EDIT If the idea is to remove using regular expressions, it's not that easy, the escaped braces inside are a mess, but, something can be done using Perl :). Assuming that the syntax of your input file is valid, with the following rmifthen.pl script it is possible:

#!/usr/bin/env perl
use v5.26;
use autodie;
use File::Basename;
use open ':locale';

## Args
@ARGV == 1  or die "Use: $0 <file (La)TeX to be processed>\n";
my $input_file = shift;
-f $input_file or die "ERROR: Can't find [$input_file]\n";

## Extension
my @SuffixList = ('.tex', '', '.ltx');
my ($name, $path, $ext) = fileparse($input_file, @SuffixList);
$ext = '.tex' if not $ext;

## Read file
open my $TEXINPUT, '<', $input_file;
my $ltxfile;
 {
    local $/;
    $ltxfile = <$TEXINPUT>;
 }
close   $TEXINPUT;

## Change escaped braces to a character that is not in the text
$ltxfile =~ s/\\[{]/«/g;
$ltxfile =~ s/\\[}]/»/g;

## Two groups of captures: the complete ifthenelse, and the true ifthenelse.
my $ifthenelse = qr/
    (
        \\ifthenelse (?&condicion_rx)\s*
            (?<expVerdadero> (?&expVerdadero_rx)\s*)
            (?&expFalsa_rx)
    )

    (?(DEFINE)
        (?<condicion_rx>    (?&texto_rx))
        (?<expVerdadero_rx> (?&texto_rx))
        (?<expFalsa_rx>     (?&texto_rx))
        (?<texto_rx>  ( [{] (?: [^{}]++ | (?-1) )*+ [}]  ) )
    )
/sx;

## We look for ifthenelse throughout the document
my @posiciones;

# Every time we find an ifthenelse mark, we keep the initial, final
# position of the whole mark, And the text of the true clause
while ($ltxfile =~ /$ifthenelse/g) {
    push @posiciones, [ $-[1], $+[1], $+{expVerdadero} ];
}

## We replace the whole ifthenelse brand, with the true expression, except the braces
for my $pos_ref (reverse @posiciones) {
    substr($ltxfile, $pos_ref->[0], $pos_ref->[1] - $pos_ref->[0])
        = substr $pos_ref->[2], 1, -2;
}

## We recovered the escaped braces.
$ltxfile =~ s/«/\\{/g;
$ltxfile =~ s/»/\\}/g;

## Write file
open my $SALIDA, '>', "$name-out$ext";
print   $SALIDA $ltxfile;
close   $SALIDA;

__END__

With this example file:

\RequirePackage{ifthen}
\newboolean{techrep}
\setboolean{techrep}{false}
\begin{document}
\ifthenelse{\boolean{techrep}}{Este es texto
con el que {deseo quedarme} incluidas las llaves \{ que no están
escapadas dentro de el, pero sin las llaves exteriores
}{Este es texto NO lo deseo, también {puede llevar llaves}  \}
que no están escapadas} %
TEXTO TEXTO
TEXTO TEXTO \ifthenelse{\boolean{techrep}}{Otro texto
con el que \{deseo quedarme\} incluidas las llaves \{ \}
que no están escapadas
}{Este es texto {NO lo deseo}, también puede llevar llaves \{
que no están \} escapadas}
TEXTO TEXTO TEXTO
\end{document}

running:

perl rmifthen.pl file.tex

we get:

\RequirePackage{ifthen}
\newboolean{techrep}
\setboolean{techrep}{false}
\begin{document}
Este es texto
con el que {deseo quedarme} incluidas las llaves \{ que no están
escapadas dentro de el, pero sin las llaves exteriores %
TEXTO TEXTO
TEXTO TEXTO Otro texto
con el que \{deseo quedarme\} incluidas las llaves \{ \}
que no están escapadas
TEXTO TEXTO TEXTO
\end{document}

With your MWE the output is what you propose.
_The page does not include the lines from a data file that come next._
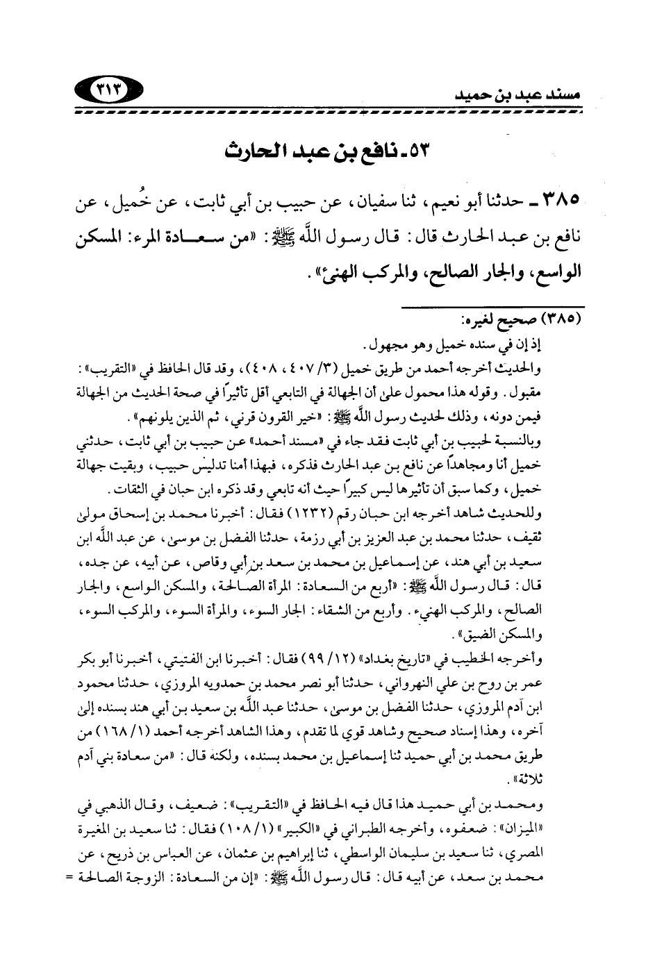 385- حَدَّثَنَا أَبُو نُعَيْمٍ، ثَنَا سُفْيَانُ، عَنْ حَبِيبِ بْنِ أَبِي ثَابِتٍ، عَنْ خميل، عَنْ نَافِعِ بْنِ عَبْدِ الْحَارِثِ قَالَ: قَالَ رَسُولُ اللَّهِ, صَلَّى اللهُ عَلَيْهِ وَسَلَّمَ: "مِنْ سَعَادَةِ الْمَرْءِ: الْمَسْكَنُ الْوَاسِعُ، وَالْجَارُ الصَّالِحُ، والمركب الهنيء".
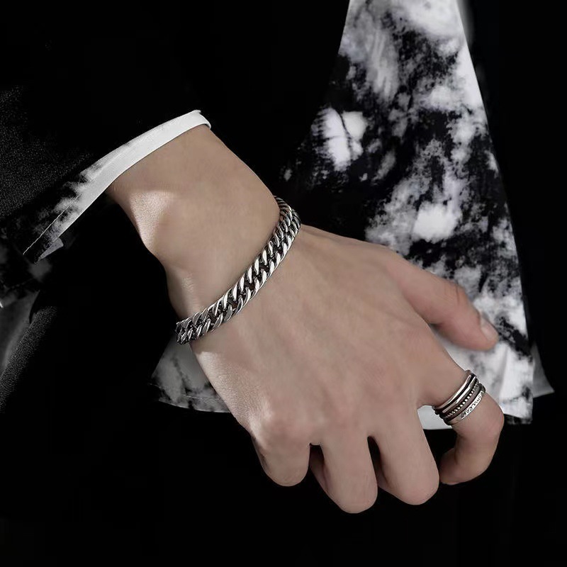 Cuban Bracelet Men's Trendy High-end Sense Niche Simple and Generous Titanium Steel Men's Bracelet Trendy Men's Personality Men's Jewelry Women
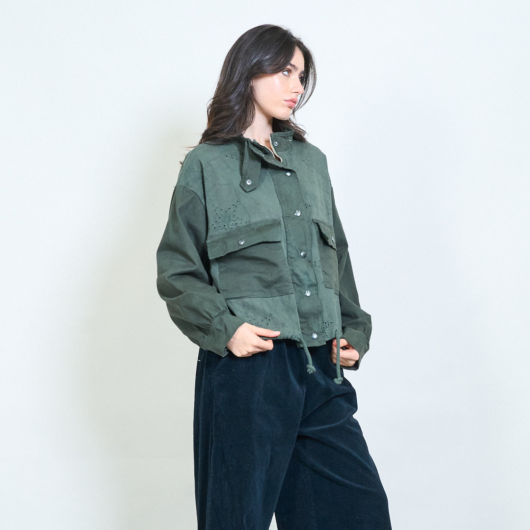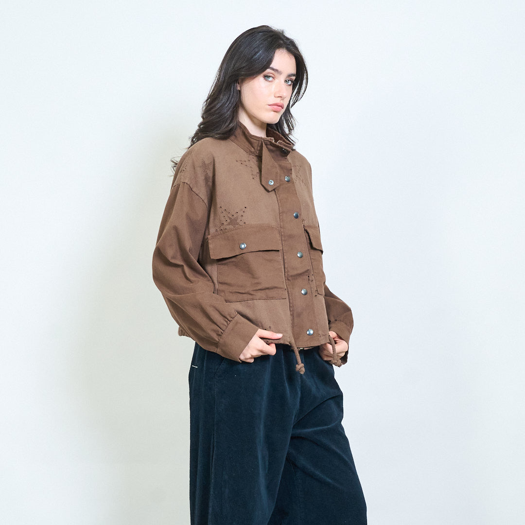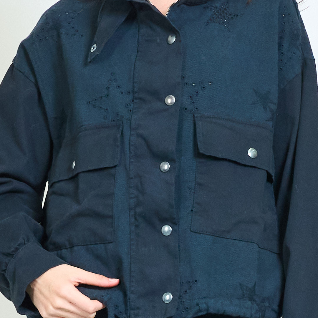 Vendita all'ingrosso di giacche utility corte ricamate con occhielli a stella
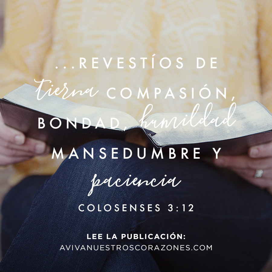 «Entonces, como escogidos de Dios, santos y amados, revestíos de tierna compasión, bondad, humildad, mansedumbre y paciencia soportándoos unos a otros y perdonándoos unos a otros, si alguno tiene queja contra otro; como Cristo os perdonó, así también hacedlo vosotros. Y sobre todas estas cosas, vestíos de amor, que es el vínculo de la unidad. Y que la paz de Cristo reine en vuestros corazones, a la cual en verdad fuisteis llamados en un solo cuerpo; y sed agradecidos.
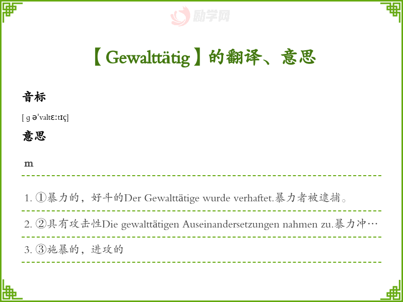 Gewalttätig德语的中文翻译、意思
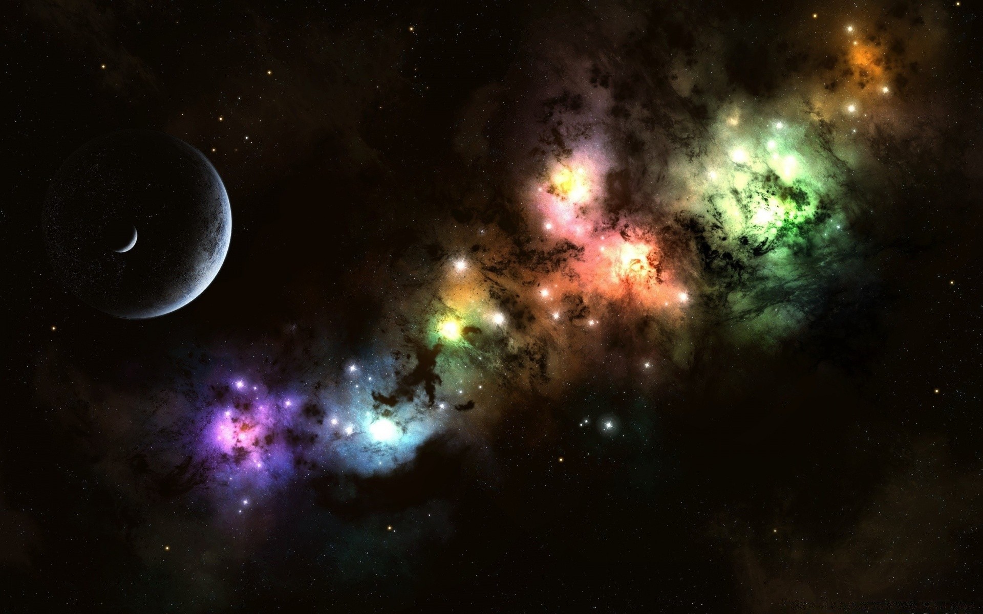 Paisaje de belleza inusual con la Luna escondida entre dos árboles en la sombra
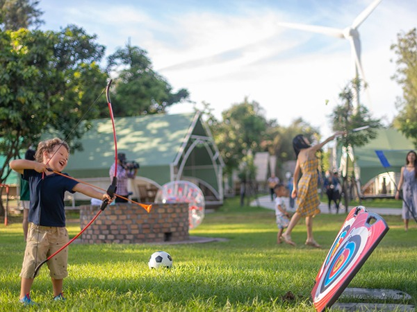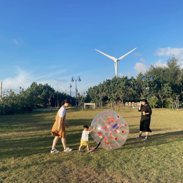 園區內有一大片自然草皮,大人小孩都可以在上面自由地奔跑玩耍。不論是泡泡足球、大地團康、小朋友的追趕跑跳碰,還有給小孩專屬的海盜塔,讓孩子們可以在園區內舒適安全的遊玩。
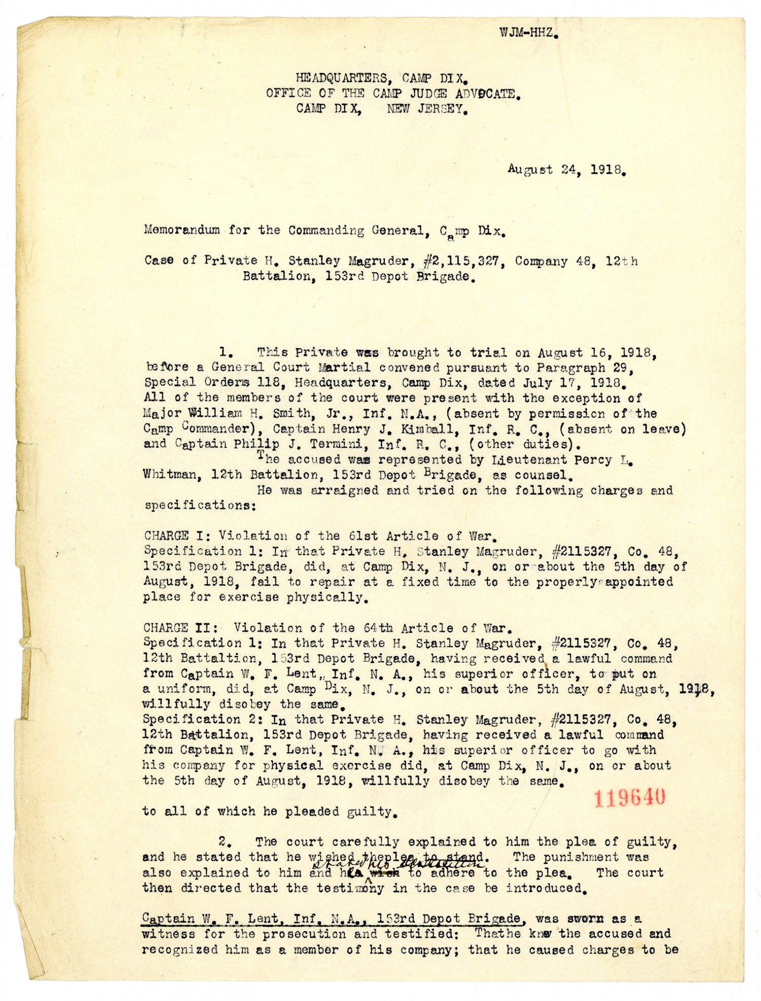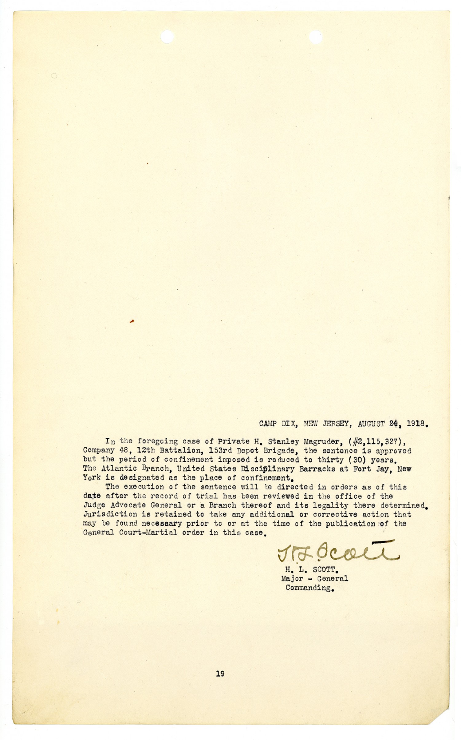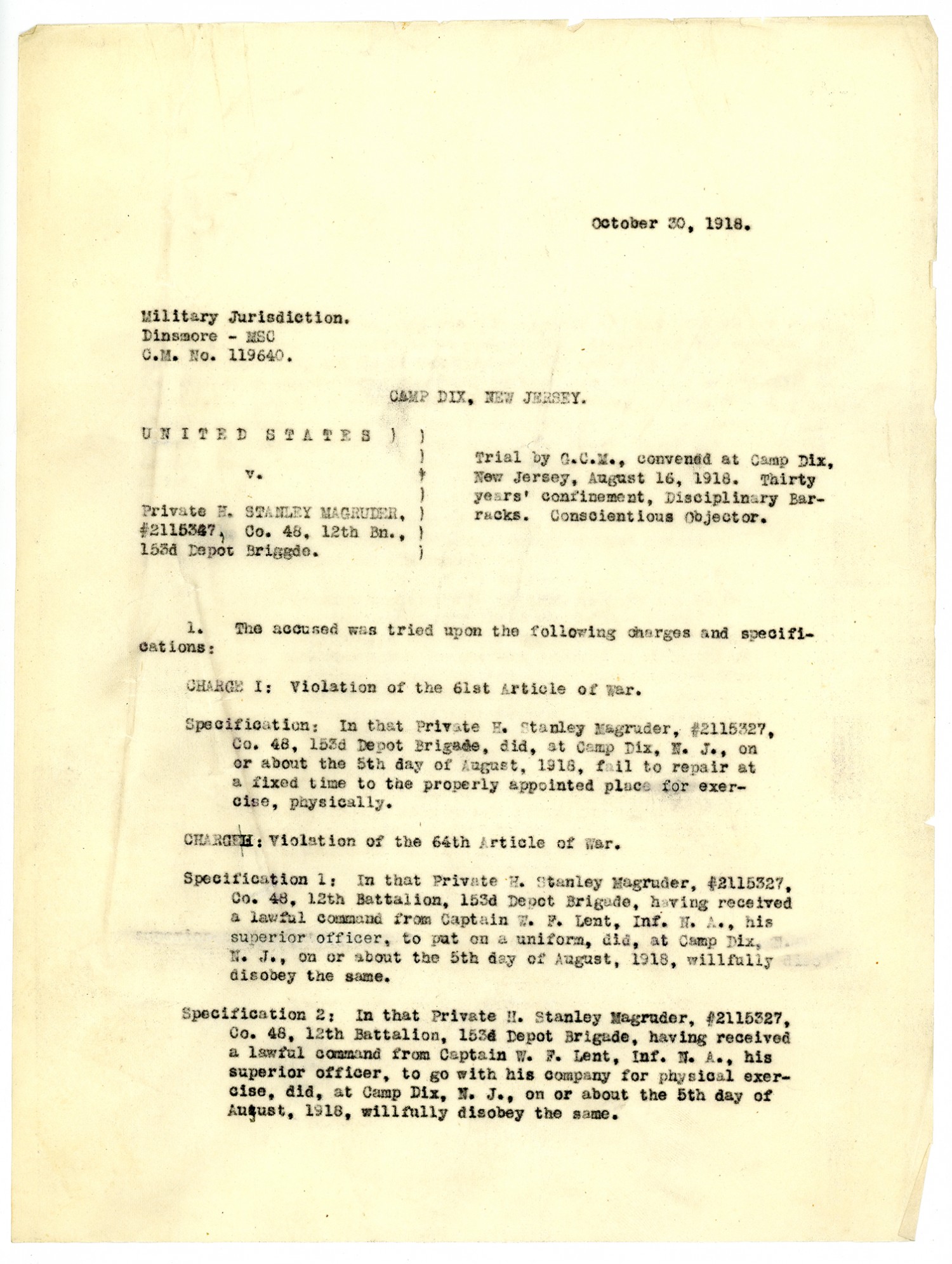 United States v. Private H. Stanley Magruder - October 30, 1918

I think this is more than you were looking for.

Greetings and good luck with your next conference.

1

Regular expressions in Vim, probably similar in other programs:

:%s/\\ifthenelse{[^}]*}{\([^}]*\)}{\([^}]*\)}/\1

That keeps the first branch; if you want to keep the second, change \1 to \2.